This means that the reasoning path it appears to follow is not a reflection of actual understanding, but rather a statistically probable construction based on its training. Even when it explains itself, those explanations are also generated text, not true windows into an inner thought process.

Therefore, while the AI might simulate reasoning or provide plausible justifications, these should not always be interpreted as the actual basis for its conclusions. It’s important to approach such explanations with a critical eye, especially in high stakes contexts.
 
Every time you ask AI a question, even when you pre feed it some data, the AI is under no obligation to explain why it arrived at a particular answer or why it chose a specific chain of thought. Unlike a human, it doesn’t possess introspection or self awareness. Its responses are generated based on patterns in data, not conscious reasoning.

This means that the reasoning path it appears to follow is not a reflection of actual understanding, but rather a statistically probable construction based on its training. Even when it explains itself, those explanations are also generated text, not true windows into an inner thought process.

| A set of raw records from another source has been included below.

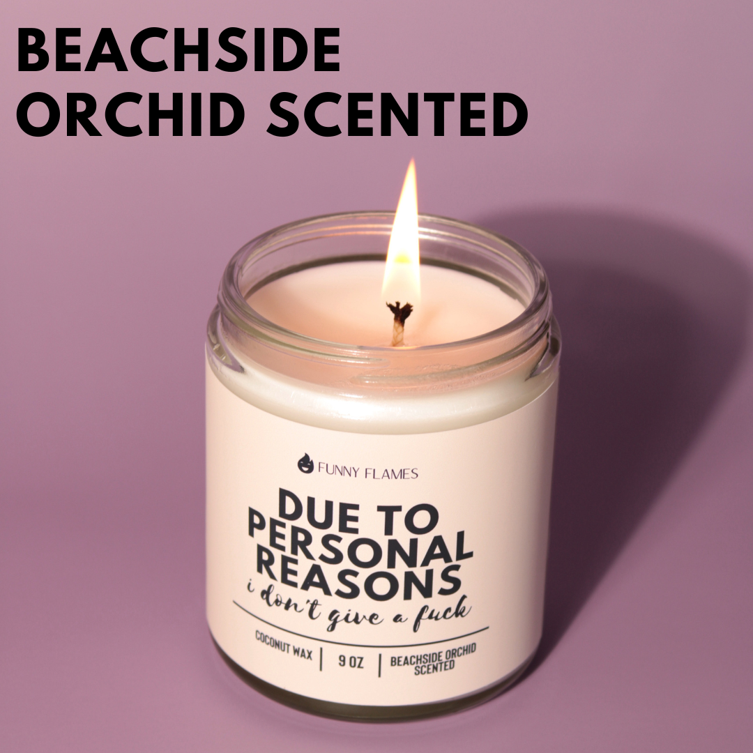 A bold expression of liberation and self-assurance. Infused with the captivating aroma of beachside orchid, this candle transports you to the serenity of ocean breezes and blooming flowers. As its flame flickers, allow the enchanting fragrance to envelop you, creating an atmosphere of carefree confidence. The candid statement on the label is a testament to prioritizing your own well-being. Whether you're seeking solace from external pressures or embracing a newfound sense of empowerment, this candle is your declaration of independence. Let the soothing scent inspire you to embrace life on your own terms, unapologetically and free from unnecessary concerns.
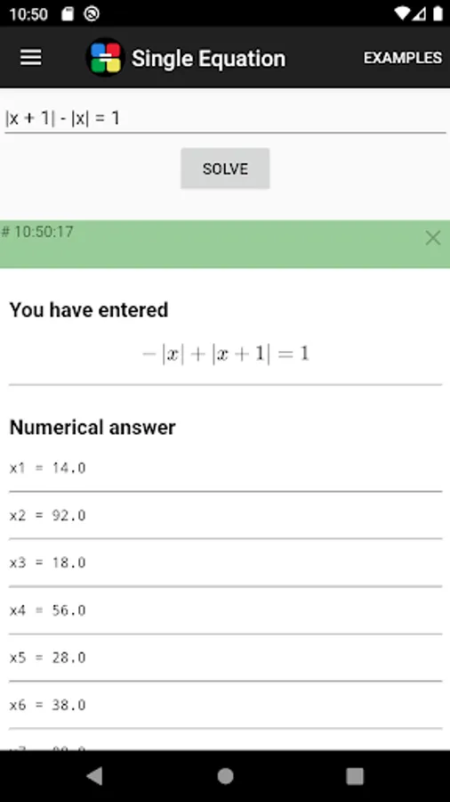 [✔] A equation with a module (for example, |x + 1| + |x^2 – 7| = 20)
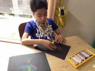 まずは画用紙にクレヨンで好きなように模様、線を書きます🎨🎨
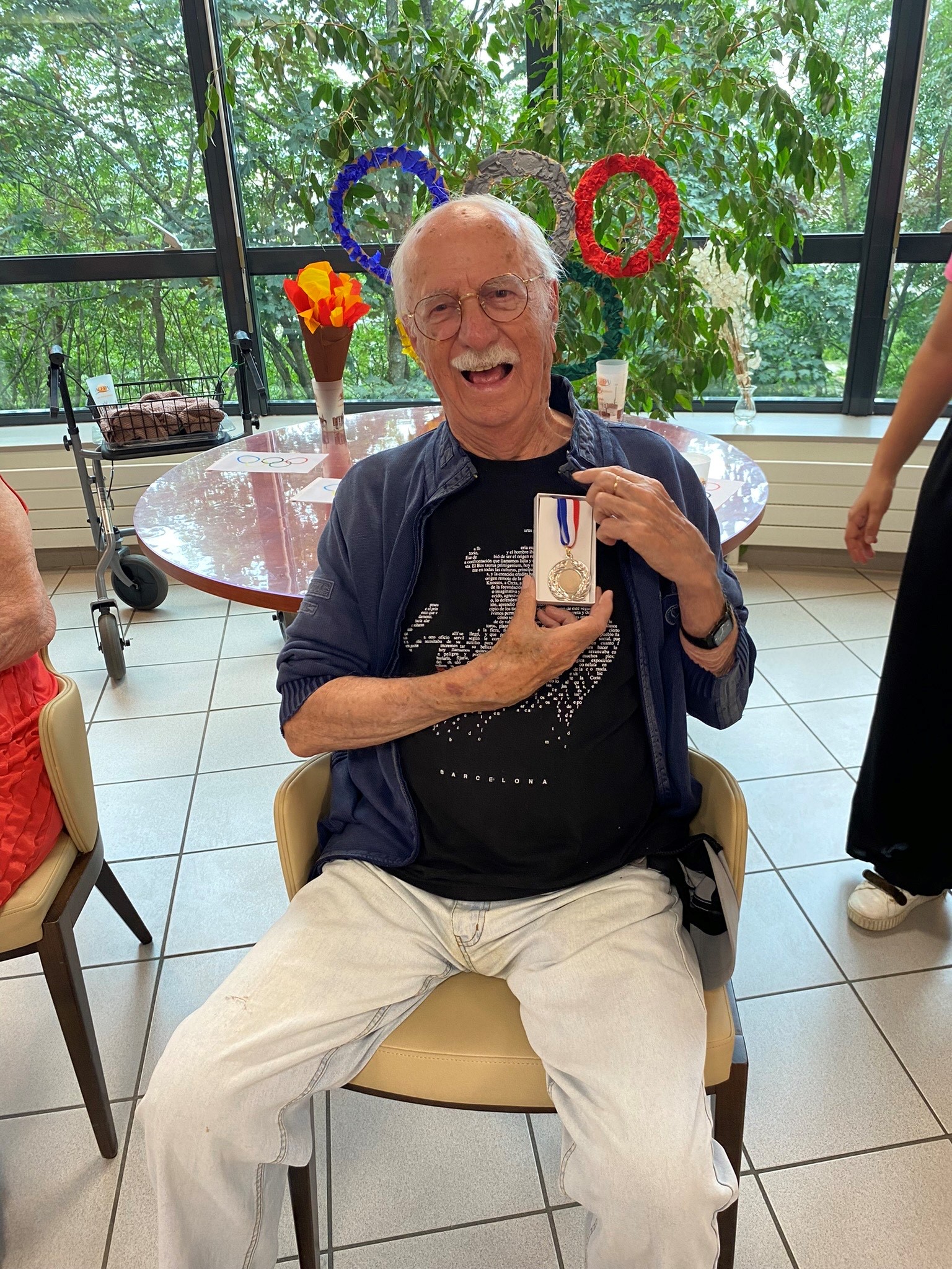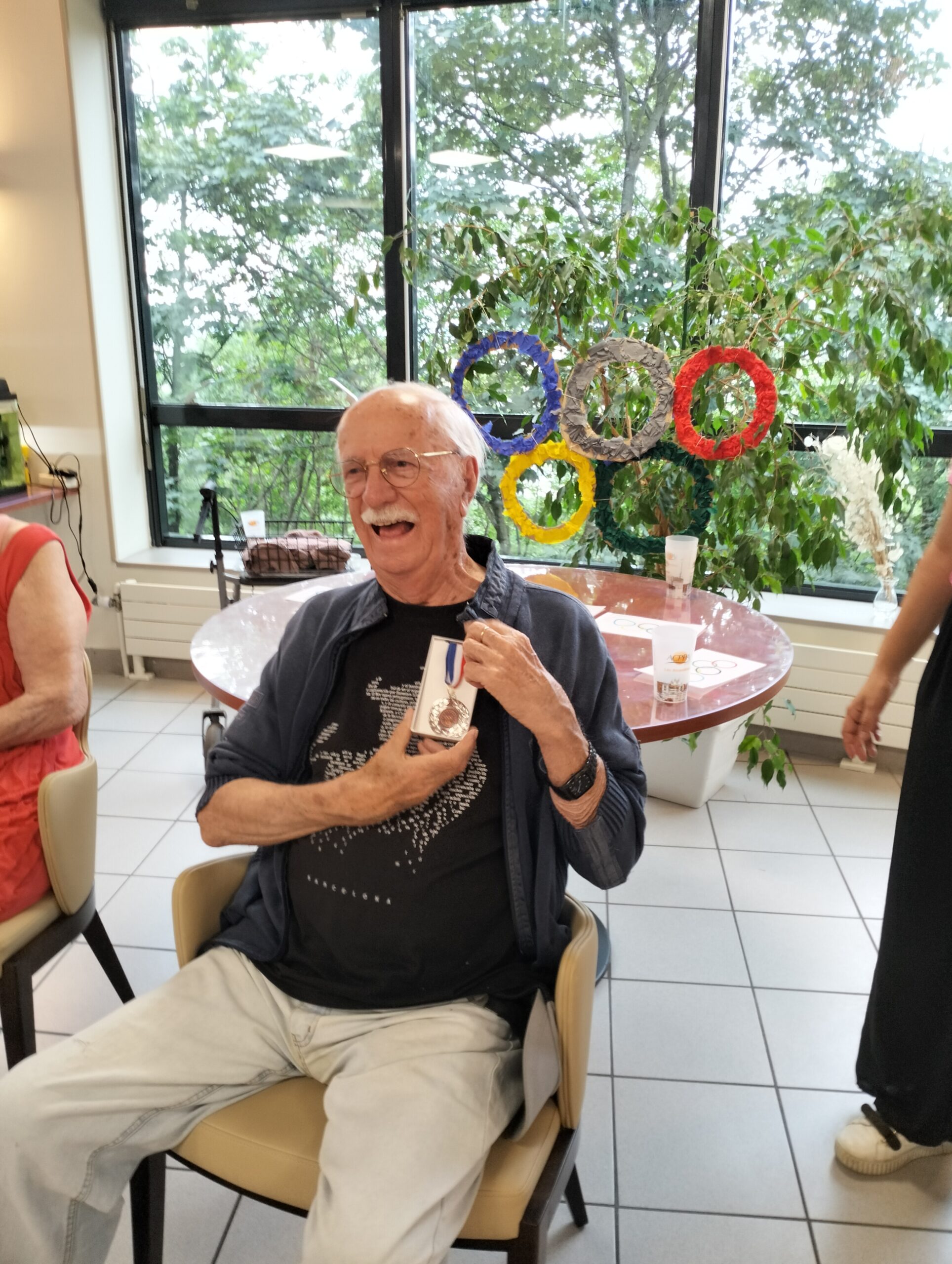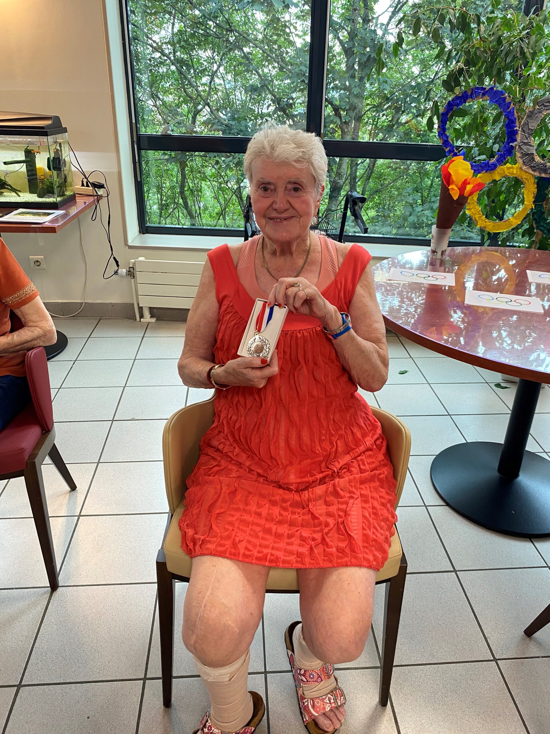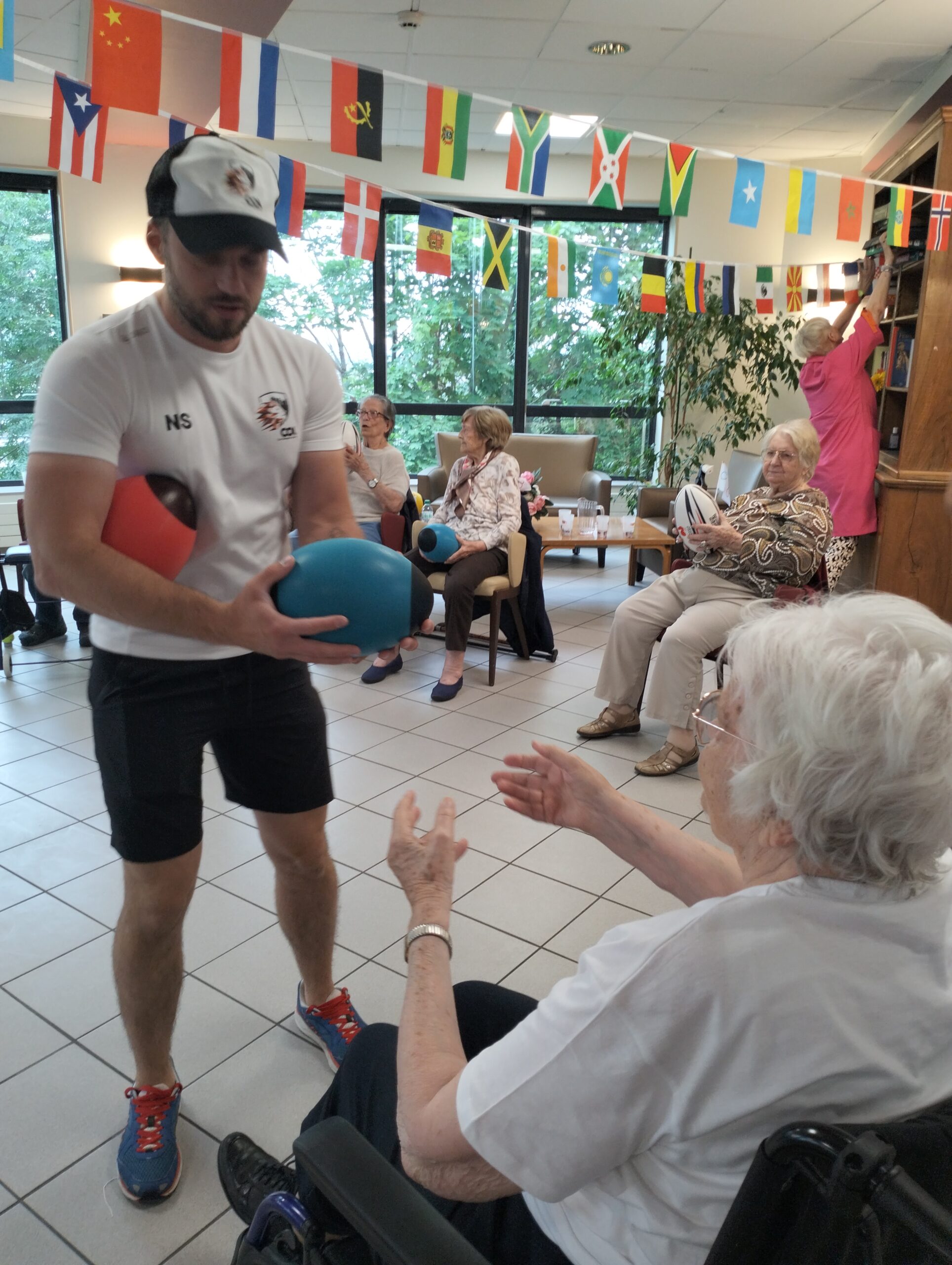 Avec les résidents de la Christinière à Taluyers, les résidents des Amandines se sont prêtés au jeu des olympiades. Au programme le mardi 2 juillet, rugby adapté avec OMNISPORT. Plus que la compétition, c’est la bonne humeur qui a dominé l’après-midi. Une ambiance amusante et conviviale sous les décorations et les supporters. Des médailles ont été données à des résidents qui ont été très heureux de les recevoir. Nous irons à la prochaine rencontre à la Christinière faire de la boxe !

Therefore, while the AI might simulate reasoning or provide plausible justifications, these should not always be interpreted as the actual basis for its conclusions. It’s important to approach such explanations with a critical eye, especially in high stakes contexts.
This is entirely unrelated to the article and the research in question.

This research focuses on the Chain-of-Thought models - Claude 3.7 Sonnet and DeepSeek-R1 - as mentioned above. These models are built to display their inner chain of thought before they return a response. Of course, we know there is no true self-awareness or consciousness (since AGI is still too far ahead in the future.)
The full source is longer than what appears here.